Doug Whitman – manager of hedge fund Whitman Capital made nearly $1 million from 2006 to 2009 by receiving inside tips about companies earnings.
California hedge fund founder was convicted of insider trading Monday by jury that rejected his claims that he was careful never to trade based on secrets he received about public companies.
Doug Whitman, whose hedge fund oversaw roughly $100 million, was convicted of all charges against him. Only days earlier, the federal jury in New York heard him testify that he took pains to trade only on legal information gleaned from employees at public companies and from analysts.
Whitman (54) founder of hedge fund Whitman Capital, was the only defendant to testify among dozens charged in a wide-ranging crackdown since 2007 on insider trading by federal authorities.
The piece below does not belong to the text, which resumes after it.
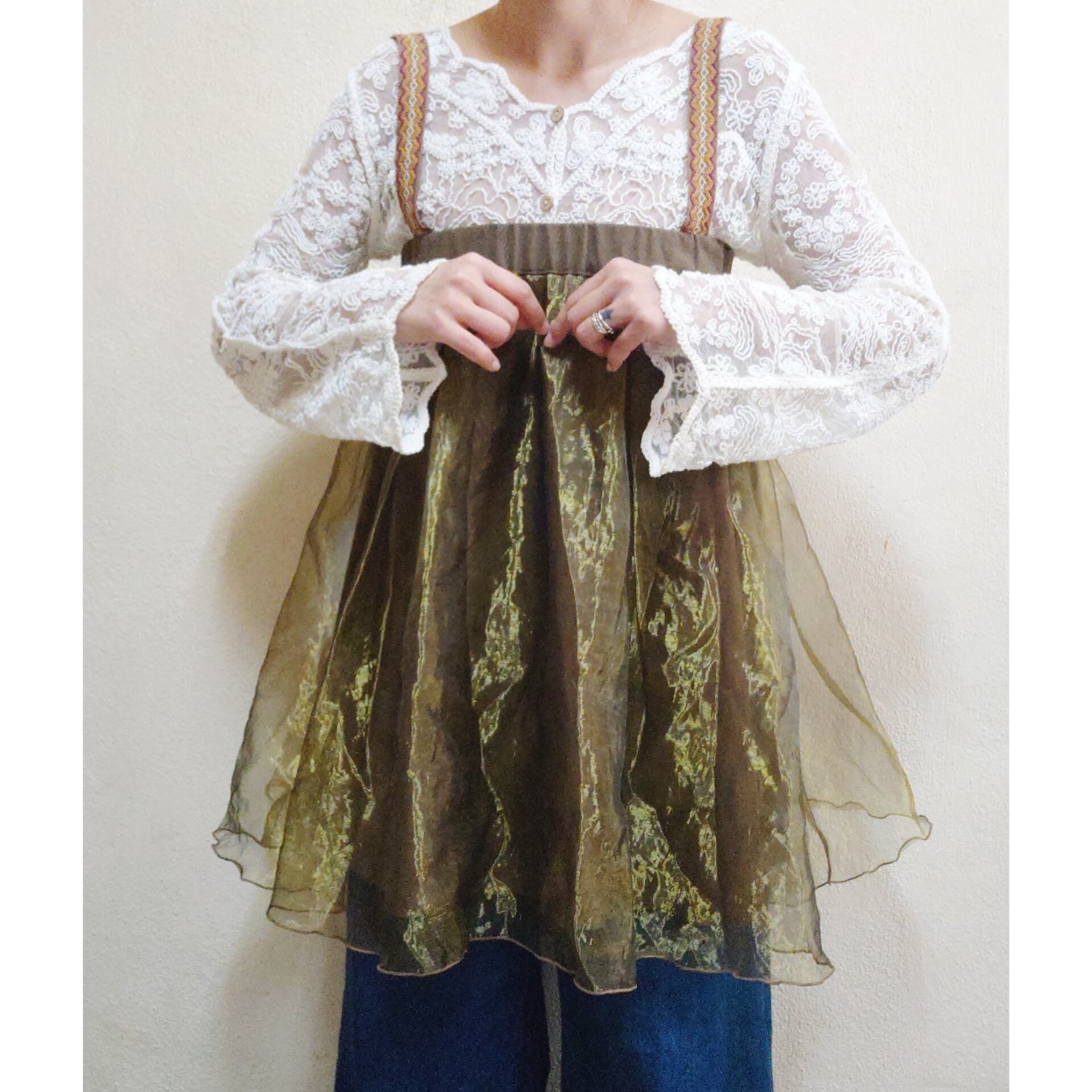 ヴィンテージのチュールスカートをトップスにリメイクした、個性的でおしゃれな一着です。

Nearly all those charged have pleaded guilty or been convicted at trial.
Sentencing was set for December 20.
“Douglas Whitman now joins the grim procession of convicted Wall Street professionals who decided that the rules don’t apply to them. The rules do apply Preet Bharara said in a statement issued after the verdict. “Mr. Whitman had a hedge fund with his name on the door, with rules against insider trading. He flouted those rules, tarnished his name and now is a convicted felon facing imprisonment.”
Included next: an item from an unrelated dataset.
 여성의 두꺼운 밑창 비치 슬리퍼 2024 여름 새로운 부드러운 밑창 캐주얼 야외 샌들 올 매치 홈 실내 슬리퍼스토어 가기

Prosecutors said Whitman made nearly $1 million from 2006 to 2009 by receiving inside tips about the earnings of public companies.
He testified that he was careful not to make trades based on inside information whenever he came across it, but his definition of what constituted secrets seemed elusive.
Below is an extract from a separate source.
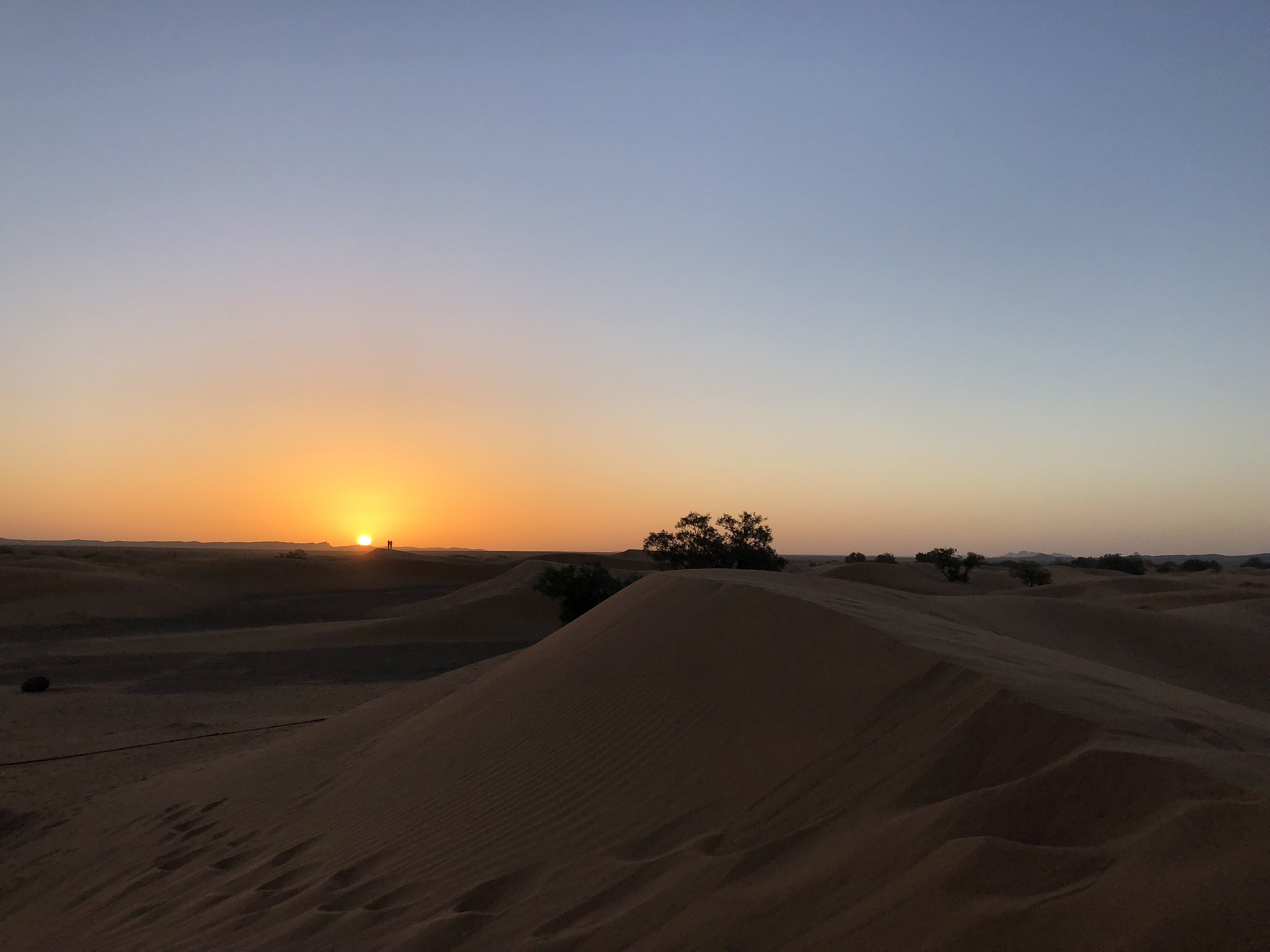 Wir übernachten draussen im «Sahara Sunny Luxury Camp», was sehr schön, jedoch auch sehr kalt ist. Zwar bin ich mit meinem dicken Pyjama gut eingepackt, freue mich jedoch über die vielen Decken, die uns zur Verfügung stehen.

Whitman said he believed that it was fair for public company employees to give traders general information or “color” about how business was going, as long as they didn’t give up exact numbers about revenue, profit and guidance before they were released publicly.
Over three weeks, jurors heard testimony that Whitman’s hedge fund made trades from 2007 to 2009 based on inside information related to Google Inc., Marvell Technology Group and Polycom Inc.
Among witnesses for the government was Roomy Khan, who said Whitman was “almost hounding me” for inside information from a close contact at Polycom, a telecommunications company. Whitman testified that his firm realized $362,172 in profit on Polycom shares during the period the government alleged that Khan gave him secrets.
The government played audio tapes for jurors of phone conversations between Khan and Whitman. In one recorded call, Whitman refers to Khan as “Miss Google” after he made roughly half a million dollars on tips the government said he got from Khan.
Doug Whitman was convicted of two counts of securities fraud and two additional counts of conspiracy to commit securities fraud. The charges carry a potential penalty of as much as 50 years in prison, but his sentence probably will be much less.
So far, the longest prison sentence to result from the New York investigation was the 11-year term given to Raj Rajaratnam, a hedge fund founder who prosecutors say made as much as $75 million trading illegally.